**Assigned task:**
Beginning at the line containing "楽しそう。ボクもやってみたく" in the material below and ending at the line containing "为了让哈罗德不孤单,安德莉亚", return each line exactly and add nothing.

**The records:**
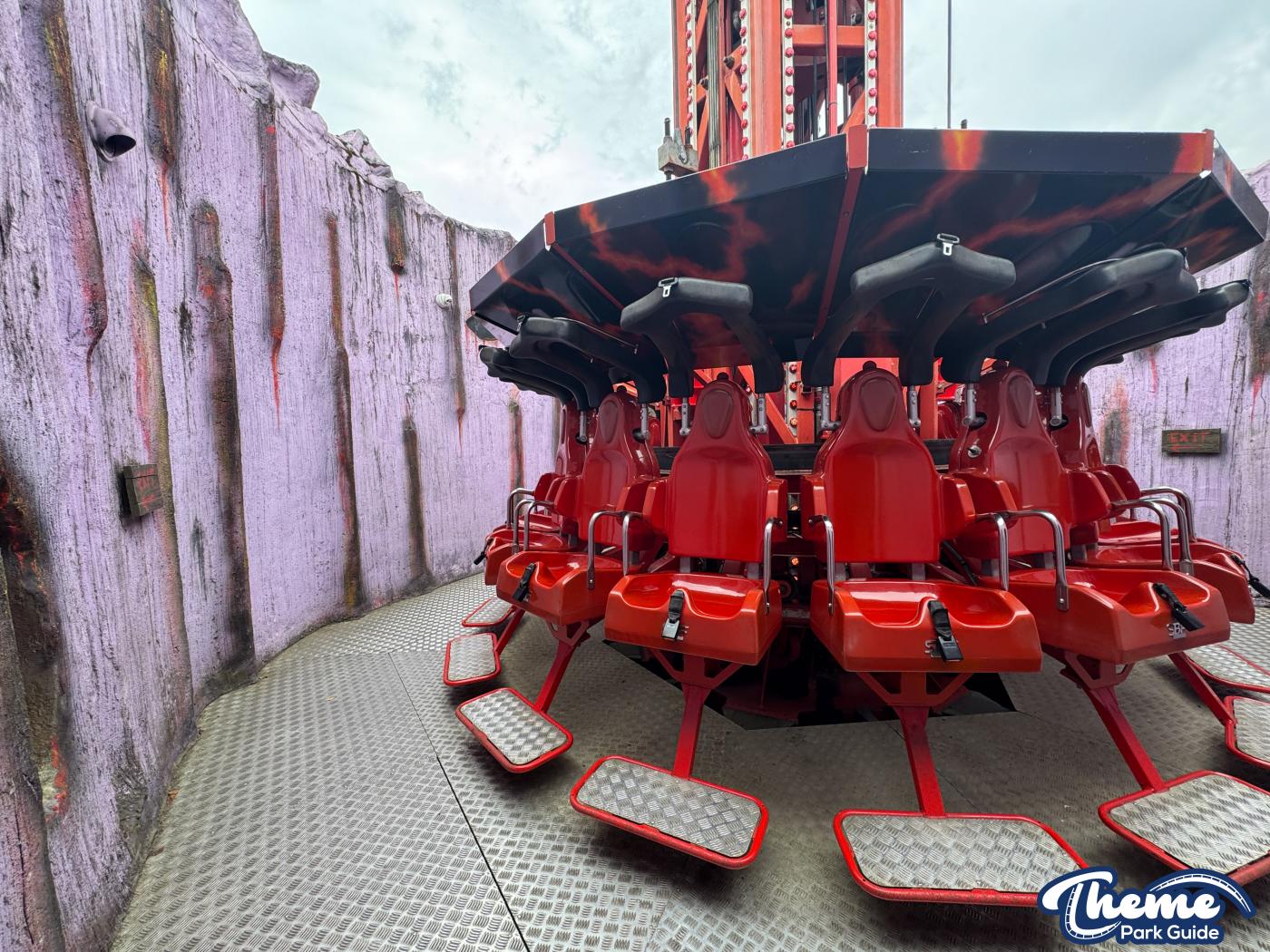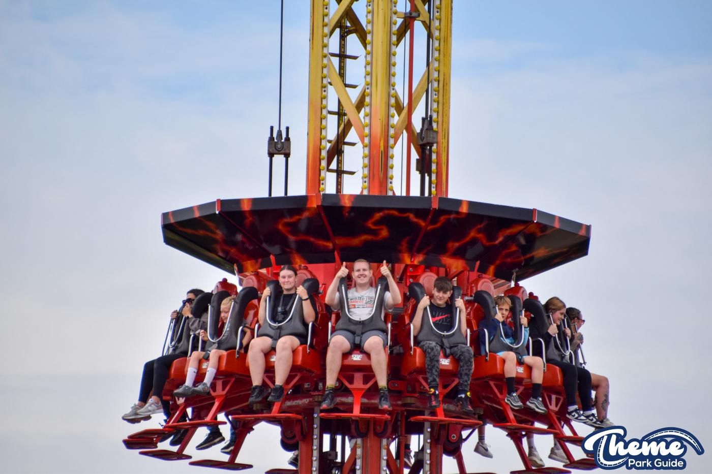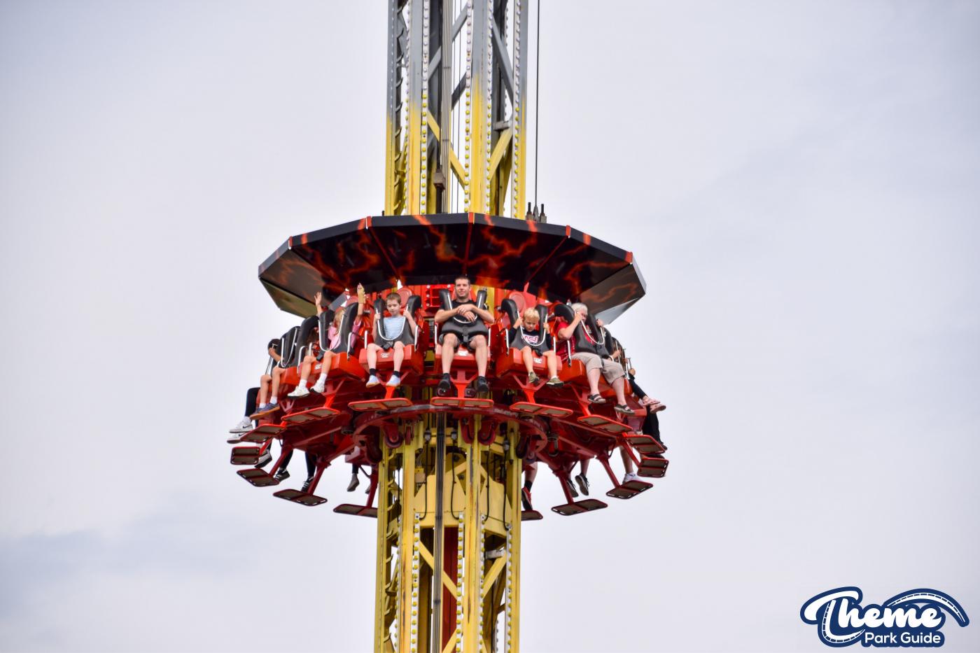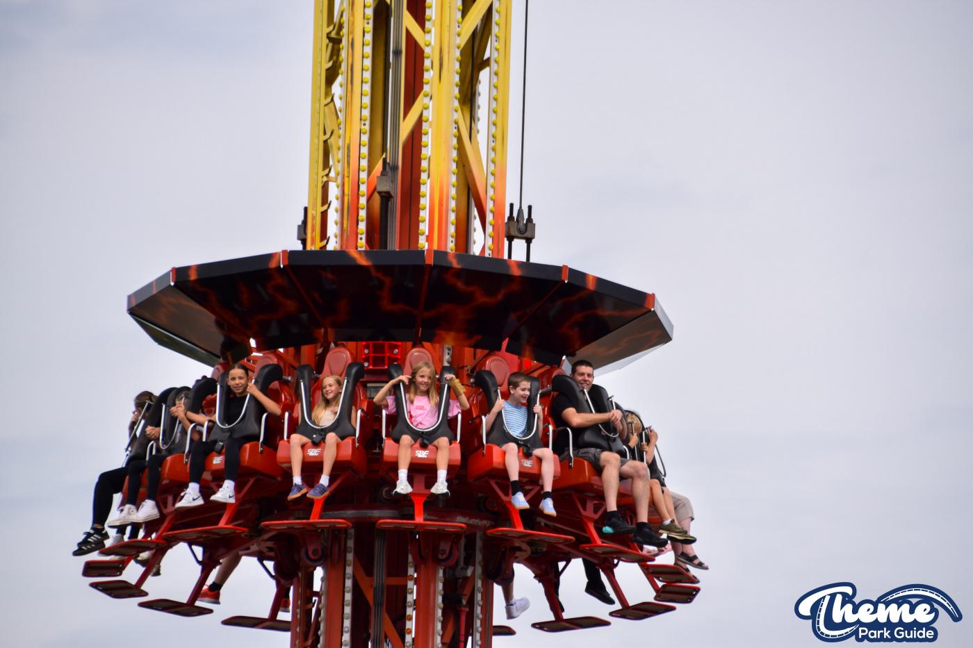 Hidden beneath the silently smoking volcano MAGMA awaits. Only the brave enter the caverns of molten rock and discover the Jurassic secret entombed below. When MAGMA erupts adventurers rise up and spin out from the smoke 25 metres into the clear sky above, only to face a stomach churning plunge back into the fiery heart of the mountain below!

...

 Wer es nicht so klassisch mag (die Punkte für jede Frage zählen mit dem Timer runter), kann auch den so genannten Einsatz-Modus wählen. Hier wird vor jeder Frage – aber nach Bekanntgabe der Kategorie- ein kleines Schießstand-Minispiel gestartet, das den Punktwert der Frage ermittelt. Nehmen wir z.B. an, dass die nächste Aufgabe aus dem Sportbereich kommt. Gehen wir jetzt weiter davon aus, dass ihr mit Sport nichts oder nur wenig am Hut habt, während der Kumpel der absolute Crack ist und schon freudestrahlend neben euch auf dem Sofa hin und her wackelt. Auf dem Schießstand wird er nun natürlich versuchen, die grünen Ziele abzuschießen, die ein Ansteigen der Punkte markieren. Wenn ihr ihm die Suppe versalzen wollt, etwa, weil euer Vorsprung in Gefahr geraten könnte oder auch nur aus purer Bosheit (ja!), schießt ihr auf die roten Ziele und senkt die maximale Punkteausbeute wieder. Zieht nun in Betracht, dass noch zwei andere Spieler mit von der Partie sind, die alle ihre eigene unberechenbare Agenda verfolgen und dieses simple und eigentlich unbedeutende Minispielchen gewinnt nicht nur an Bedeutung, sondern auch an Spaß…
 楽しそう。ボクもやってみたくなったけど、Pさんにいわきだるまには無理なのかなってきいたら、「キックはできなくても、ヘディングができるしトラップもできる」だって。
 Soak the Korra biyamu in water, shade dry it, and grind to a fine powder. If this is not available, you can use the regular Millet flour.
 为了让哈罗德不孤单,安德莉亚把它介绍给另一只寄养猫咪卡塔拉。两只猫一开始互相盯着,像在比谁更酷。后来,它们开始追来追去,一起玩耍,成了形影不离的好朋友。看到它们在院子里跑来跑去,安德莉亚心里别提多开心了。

==

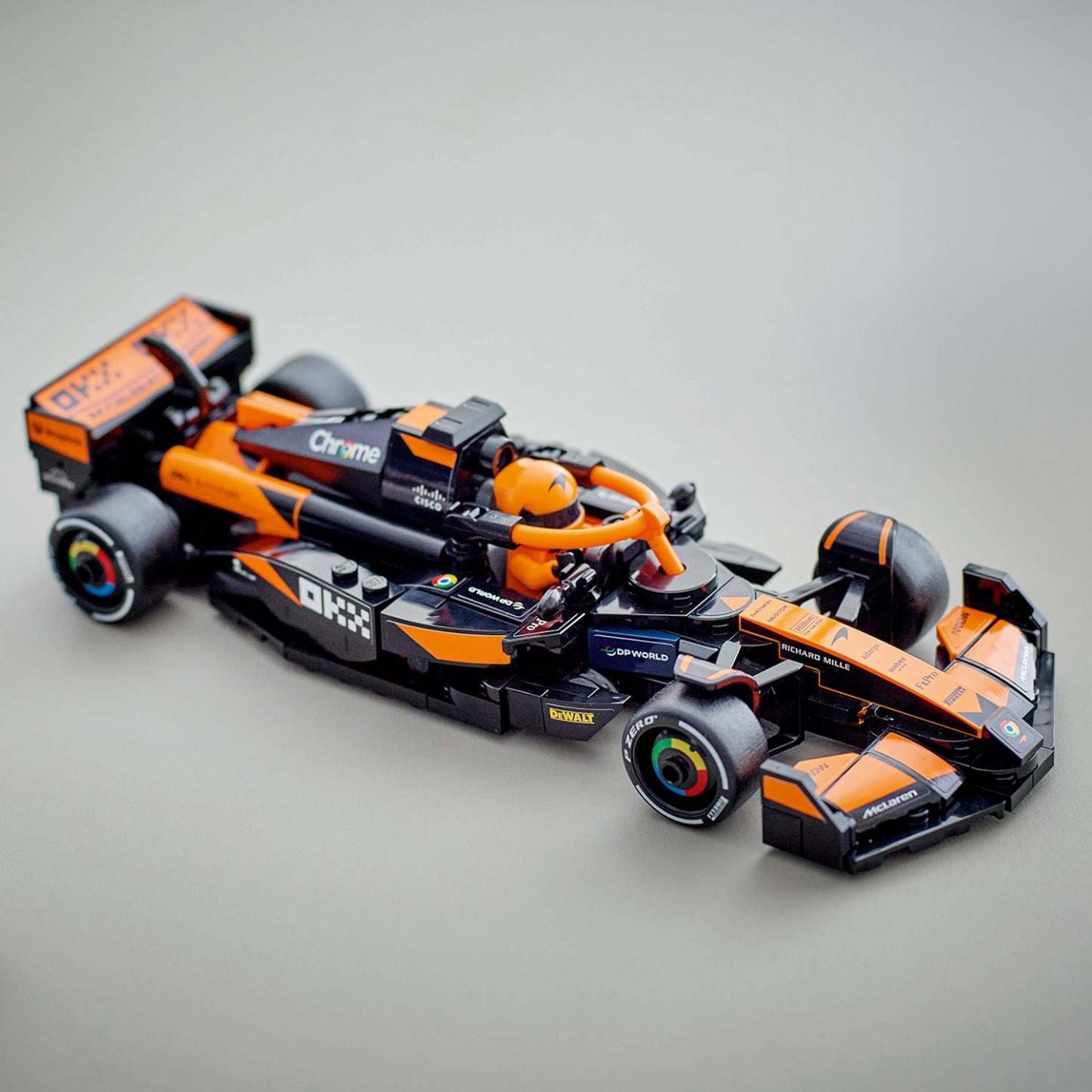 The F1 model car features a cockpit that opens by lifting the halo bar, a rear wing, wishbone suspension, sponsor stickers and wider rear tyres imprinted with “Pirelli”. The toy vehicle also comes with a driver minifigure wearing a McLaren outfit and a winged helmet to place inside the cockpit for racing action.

**Response to the exercise:**
 楽しそう。ボクもやってみたくなったけど、Pさんにいわきだるまには無理なのかなってきいたら、「キックはできなくても、ヘディングができるしトラップもできる」だって。
 Soak the Korra biyamu in water, shade dry it, and grind to a fine powder. If this is not available, you can use the regular Millet flour.
 为了让哈罗德不孤单,安德莉亚把它介绍给另一只寄养猫咪卡塔拉。两只猫一开始互相盯着,像在比谁更酷。后来,它们开始追来追去,一起玩耍,成了形影不离的好朋友。看到它们在院子里跑来跑去,安德莉亚心里别提多开心了。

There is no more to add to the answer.